Outside synagogue walls
Blazer said he also wanted outsiders to be able to connect with the Jewish community outside synagogue walls. Temple Beth Ami has hosted its holidays at the Hyatt Regency Valencia and Six Flags Magic Mountain. He’s often spotted at events such as veterans’ memorial services or city meetings.

“He has a real commitment to this community — to Santa Clarita and all parts of it,” Stolnitz said. “His ideas are things he wants to see where he lives and prays.”

Live, Pray, Play — that’s the motto for the Southern California Center for Jewish Life, a multi-purpose campus planned to sit on 19 acres off The Old Road. Blazer helped envision it.

Blazer sees the community cultural center as “multigenerational and multiuse” because it would offer Jewish senior housing. It would also become the new home for Temple Beth Ami.

“I personally think it will be a model for what Jewish communities do throughout the country,” Blazer said. “It shows what can be done when people put egos aside and work together to build something that’s necessary.”

Blazer said he saw a need, and the idea for a hub where multiple entities can work together developed from that.

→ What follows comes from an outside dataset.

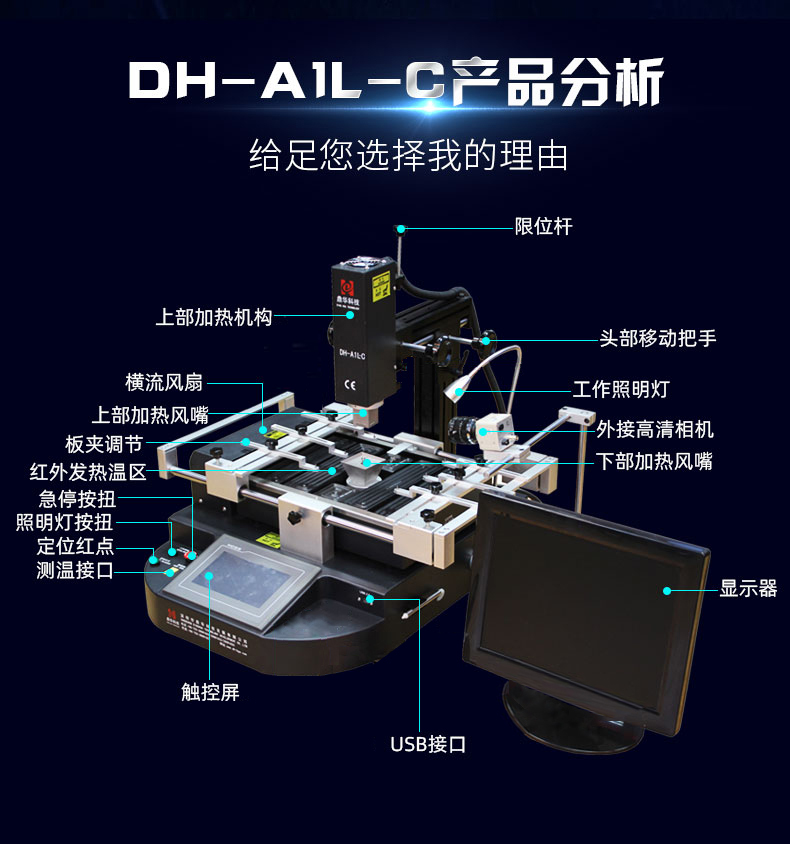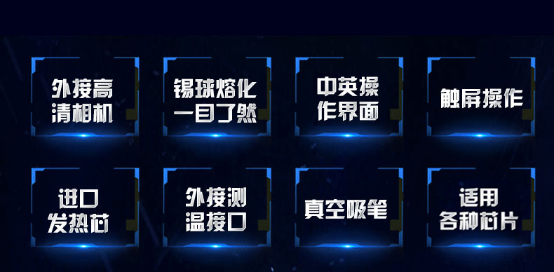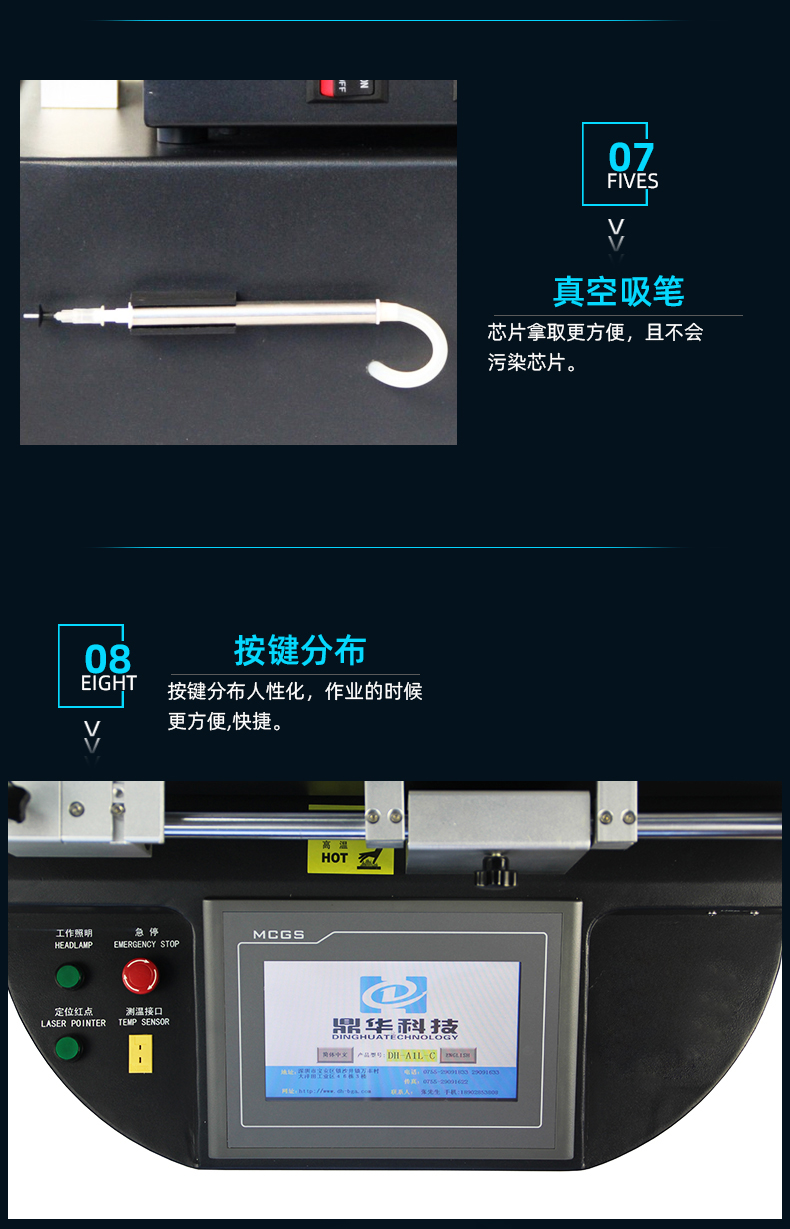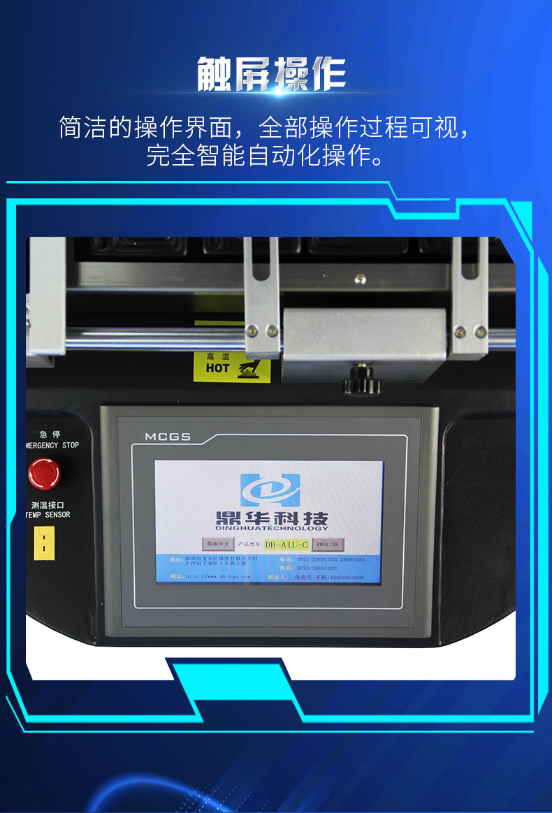1. 觸屏操作,程序預(yù)先內(nèi)置,無須專業(yè)技術(shù)培訓(xùn)即可熟練使用,使芯片返修變得非常簡單;

“To be able to implement a vision and work from the ground floor — that’s what I wanted to do and what motivated me,” Blazer said.

He is a man of many ambitions but not one who lacks a sense of reality, he said. Vision has to leave room for change and obstacles.

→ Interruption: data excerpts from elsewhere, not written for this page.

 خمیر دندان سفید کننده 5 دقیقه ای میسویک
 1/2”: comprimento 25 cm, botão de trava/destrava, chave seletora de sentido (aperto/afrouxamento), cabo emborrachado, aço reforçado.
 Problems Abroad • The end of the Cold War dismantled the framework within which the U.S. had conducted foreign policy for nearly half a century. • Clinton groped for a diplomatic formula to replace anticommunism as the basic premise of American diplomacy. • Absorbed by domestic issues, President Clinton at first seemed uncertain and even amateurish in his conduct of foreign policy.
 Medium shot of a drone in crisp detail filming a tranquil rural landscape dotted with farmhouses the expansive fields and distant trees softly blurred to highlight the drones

For example, he and leaders of the Albert Einstein Academy for Letters had to make some adjustments after William S. Hart Union School District board members, who saw an issue of mingling church and state, voted against the proposed public Hebrew-language charter school.

Hebrew was nixed as a language requirement, and Blazer, a founding member, stepped down from the charter’s board to help show that the school is secular.

“You can’t give up your vision, but you have to deal with the world you have around you,” he said.

One foot in tradition, one foot forward
Stolnitz sees Blazer as a leader who takes risks, but not loftily. Blazer is not the type of leader to throw an idea in people’s laps and then step away, she said.

“He comes up with great ideas and gets people to do them, but he’s willing to get his hands dirty,” Stolnitz said. “Whether it’s permits for buildings at City Council or photocopying — he’ll be right there with us.”

Blazer said he knows his job as a rabbi will never be done. He read from the Talmud: “It’s not up to you to finish the work; yet you’re not free to avoid it.”

“Traditionally, Judaism has encouraged people to push the envelope — to have one foot in the past but always one foot moving forward,” he said. “Knowing where we came from but knowing we have so much more to go.”

He is simply living life, he said, and will continue to do so for as long as he has the energy.

“You can’t retire from life,” he said. “If you do things you really love doing, it never becomes a job to you.”

Every person is searching to make a difference in the world, he said.

“For me, to make a difference in the world and in the Jewish community and in Southern California was a dream come true,” he said.